New on Pulsar: improved image performance analysis and image text recognition

19th February 2018

A natural shift in digital marketing and advertising has seen an increase in utilization of images. However, providing the technology for image analysis at scale has been a major challenge. This is a problem for agency and brand teams, especially when they are trying to gauge who has taken notice of their content and images during a campaign.

Pulsar are always trying help solve problems like this through innovation and use of AI. Today we’re introducing an improved and ever more accurate image text recognition service, as well as an image performance analysis through Pulsar TRAC.


image text analysis



Image Text Recognition

Pulsar TRAC’s Image Text Recognition module detects and recognizes text within images. The platform identifies any text contained in an image and extracts it, making it possible to mine images using keyword filtering and analyze them using Natural Language Processing.

This applies to conversational images like memes, but also to posters, signs, labels, packaging and even logos. This functionality is therefore useful to identify brands pictured in an image and understand the buzz and visual associations of brands on social. It currently works best for picking up English text. Other languages like French, German, Italian, Spanish, Portuguese, Japanese, Korean, Chinese may work, but this AI model has been trained mainly for English content, while it catches up with the rest.

To add image text recognition, simply log in to Pulsar TRAC and enable this module in your search set up under the AI Modules section and then start detecting any text and logos in the images in your dataset. You can then use Pulsar’s powerful filtering capabilities to segment and find the relevant images.

Image analysis use case

A Pulsar client sponsored a national rugby team’s tour: their logo was imprinted on the rugby shirts and around stadiums during the tour.
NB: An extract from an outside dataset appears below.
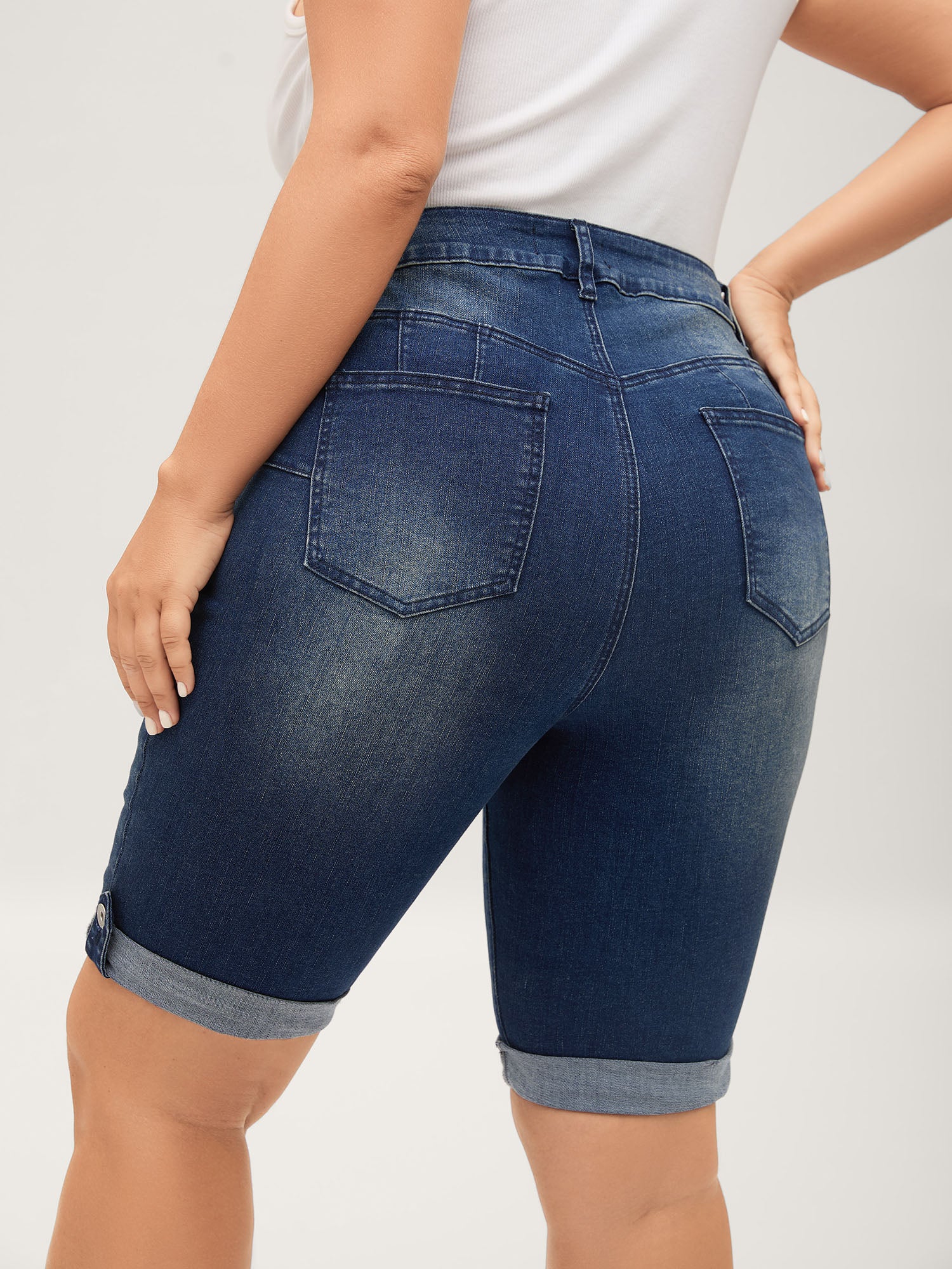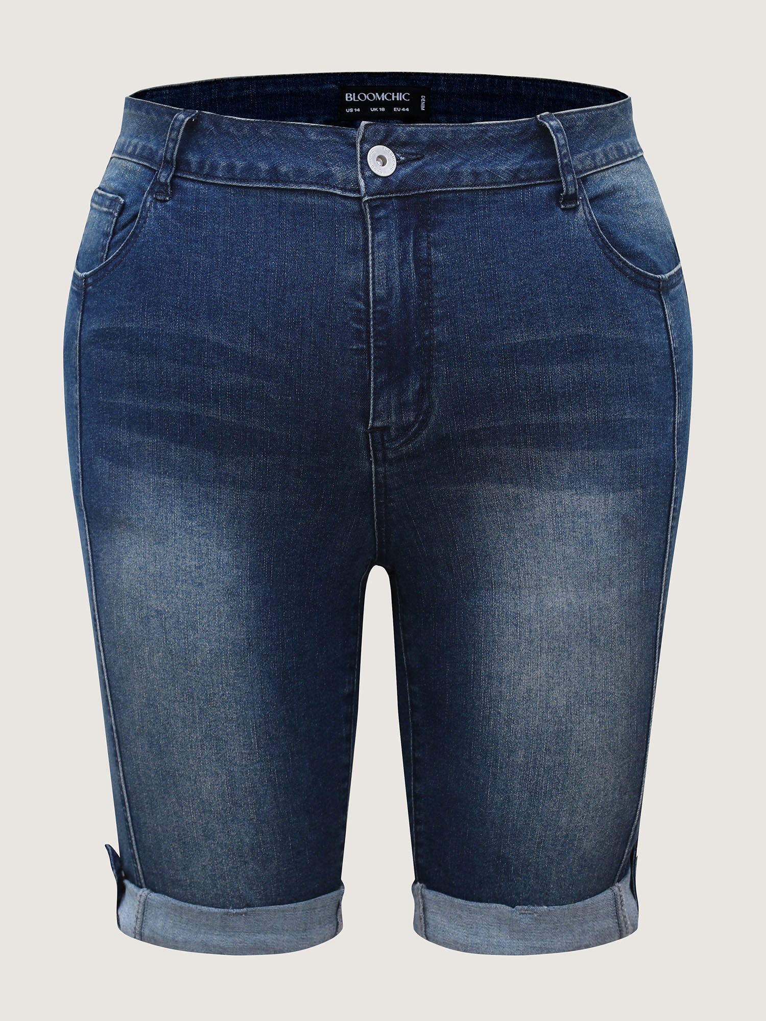 Shop Rolled Hem Skinny-Fit Denim Shorts now and redefine your style with confidence at BloomChic. Tailored for mid and plus-size women. This trendy Denim Women, sizes 10-30. Color:Midblue;Prints:Non;Pocket:Slanted pocket;Belt:No-belt;Closure Type:Zipper;Wash:Medium Wash

Rugby fans talked a lot on social media about the team and the games they watched or attended, but of course, they were unlikely to mention the client’s brand explicitly. But that doesn’t mean they hadn’t seen the logo.

Using a Pulsar TRAC Topic search to monitor all mentions of the tour, the brand was then able to identify where their logo appeared in images shared on various social posts. This allowed them to gauge the number of impressions their sponsorship had generated across social media and measure the success of the partnership.
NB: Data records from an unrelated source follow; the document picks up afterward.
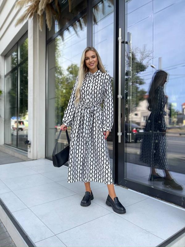 Платье-рубашка в геометрический принт. материал: шелк Турция цвет: белый, коричневый, черный размеры: S (42-44), L (46-48), XXL (50-52), 3XL (52-54) Ориентировочные замеры по готовому изделию: S (42-44) ОГ - 84-88 см, по виробу - 92-94 см. ОТ - 62-66 см, по виробу - 80 см. ОБ - 90-94 см, по виробу - 140-148 см. Длина - 125-127 см. Длина рукава по внутреннему шву - 47 см. L (46-48) ОГ - 92-96 см, по виробу - 100-102 см. ОТ - 70-74 см, по виробу - 88 см. ОБ - 98-102 см, по виробу - 148-156 см. Длина - 127-129 см. Длина рукава по внутреннему шву - 47 см. XXL (50-52) ОГ - 100-104 см, по виробу - 108-110 см. ОТ - 78-82 см, по виробу - 96 см. ОБ - 106-110 см, по виробу - 156-164 см. Длина - 129-131 см. Длина рукава по внутреннему шву - 47 см. 3XL (52-54) ОГ - 104-108 см, по виробу - 112-114 см. ОТ - 82-86 см, по виробу - 100-102 см. ОБ - 110-114 см, по виробу - 164-172 см. Длина - 130-132 см. Длина рукава по внутреннему шву - 47 см.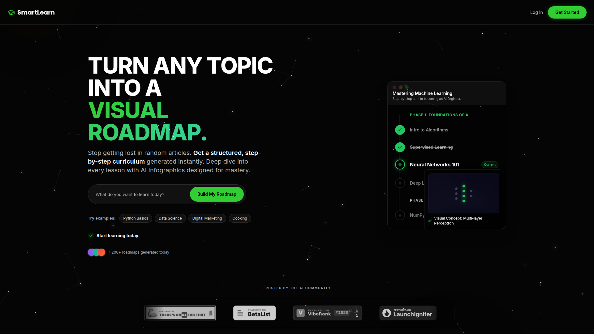 SmartLearn ist ein KI-basiertes Lerntool, das ein vom Nutzer eingegebenes Thema in eine visuelle, schrittweise Roadmap umwandelt. Die Seite stellt es als Möglichkeit dar, fragmentiertes Selbststudium über zufällige Artikel durch ein strukturierteres Curriculum zu ersetzen, unterstützt durch KI-generierte visuelle Materialien.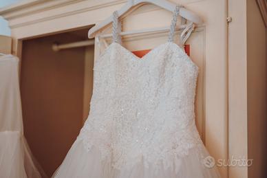 Vendo incantevole abito da sposa, indossato solo per poche ore e in condizioni impeccabili. L'abito è stato già pulito professionalmente ed è pronto per far brillare una nuova sposa.

Image text recognition Pulsar TRAC



Image Tags Performance

Additionally, Pulsar has now added context to the existing Image Recognition technology (above). Instead of only looking at visual concepts that produce the highest volume of mentions, the tool can now add more context, to help you understand which of those images are most engaging within specific social networks and users.

With Pulsar’s Image Analysis module, Pulsar has always been able to scan images and attach up to 20 tags. These summarize scenes, objects and stylistic features, to identify objects such as chairs, dogs, buildings; recognize scenes, like streets, stores, beaches, landscapes, mountains; detect people and faces as well as colour palettes. Now you will be able to find out whether beaches get higher impressions than dogs, or faces have a higher visibility impact than landscapes.

These updates mean Pulsar TRAC is now even more optimized for tracing and providing in-depth image analysis.